I think he wants to conquer the world and be the ruler of all canines far and wide.


----------



## Boxer123 (Jul 29, 2017)

We have had a mixed couple of days. Yesterday Loki went for a walk with a lady friend. She is 10 and a terrier. He is always happy around her even though she does shout at him screaming potato style at the start of walks. He walked beautifully with her & didn’t harass her or bother her.

Today we went out at lunch on a Saturday and it’s sunny and warm so everyone was out. First couple of dogs he walked past well. He’s even making little friends always older female dogs. 


Then we bumped into another reactive dog (black staff) we managed to get them past without reacting.


Then it went downhill I spotted two big dogs so crossed the road. They tend to bark at Loki and vice versa so I hid up a drive.
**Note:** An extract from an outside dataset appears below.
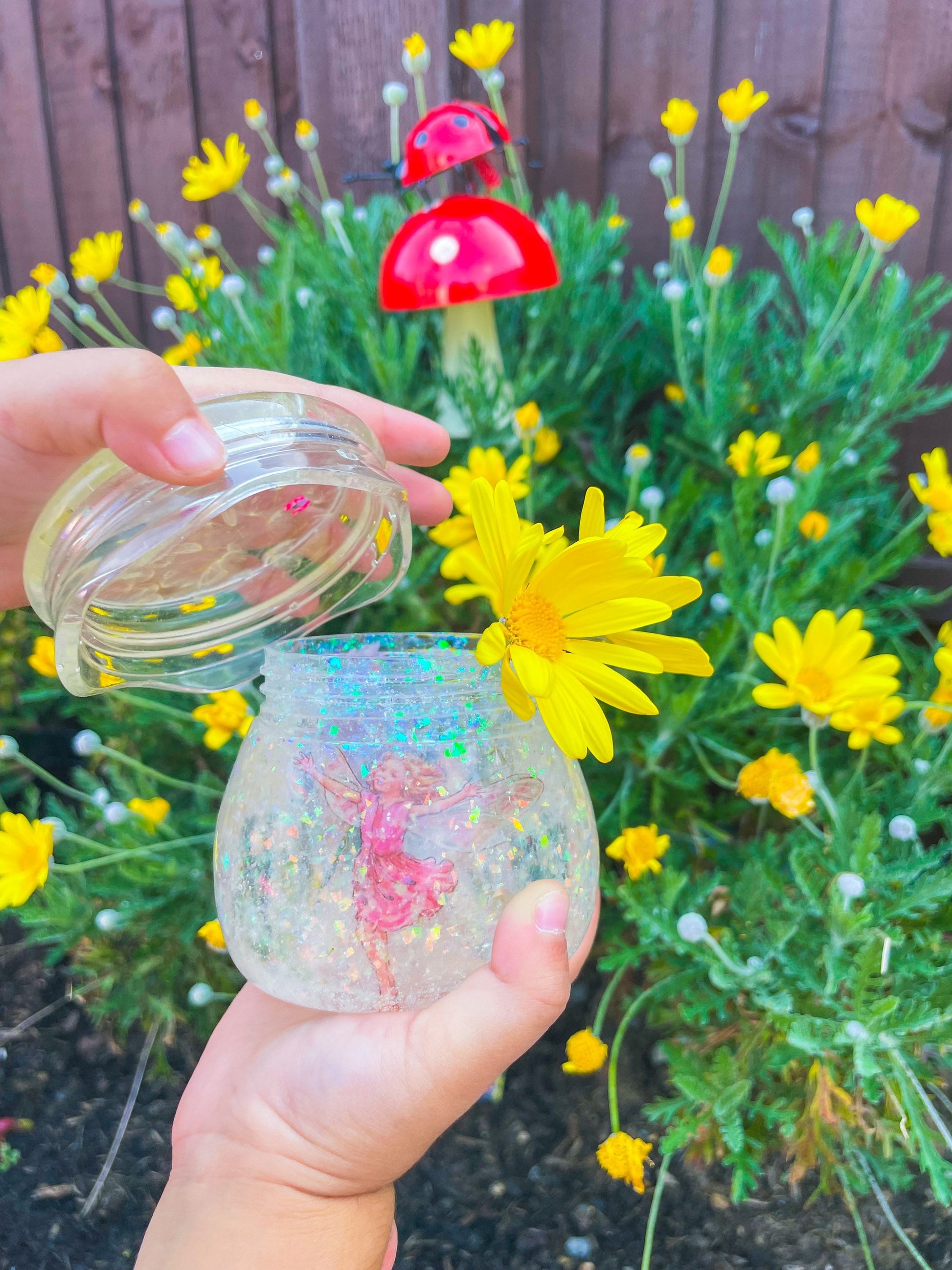 Fairy glitter themed resin jar suitable for messy play

Unfortunately the owner was waiting outside the shop shouting at his dogs and kids so I finally got Loki calm began to come out of the drive and bumped into black staff both dogs lost their spoons. Black staff went past then two spaniels. So we went home because he was over the threshold. 

However he’s managing better and is checking in with me during reactions, still taking treats. I’m really proud of him I know it probably looks like a sh?t storm to others but he’s calming so much quicker. We went to a field on the way home and he did zooms on his long line so was obviously stressed.

He’s so scared of big dogs I don’t know how to build his confidence?


----------



## Boxer123 (Jul 29, 2017)

He’s had to put himself to bed the day has been so stressful.


----------



## O2.0 (May 23, 2018)

Boxer123 said:


> He’s so scared of big dogs I don’t know how to build his confidence?


Just keep doing what you're doing. Let him know that he can remove himself from the situation, he can ask you for help, and you're there to support him


----------



## Boxer123 (Jul 29, 2017)

Today has been a day of two halves. We bumped into a black lab and Loki went nuts. I moved him aside so they could pass. Then the owner realised he had dropped his dogs ball so had to go back past us again. 

We calmed down and continued. Loki made it past another dog a bit grizzly but ok. Then he met his girlfriend and they had a little walk nice and calm.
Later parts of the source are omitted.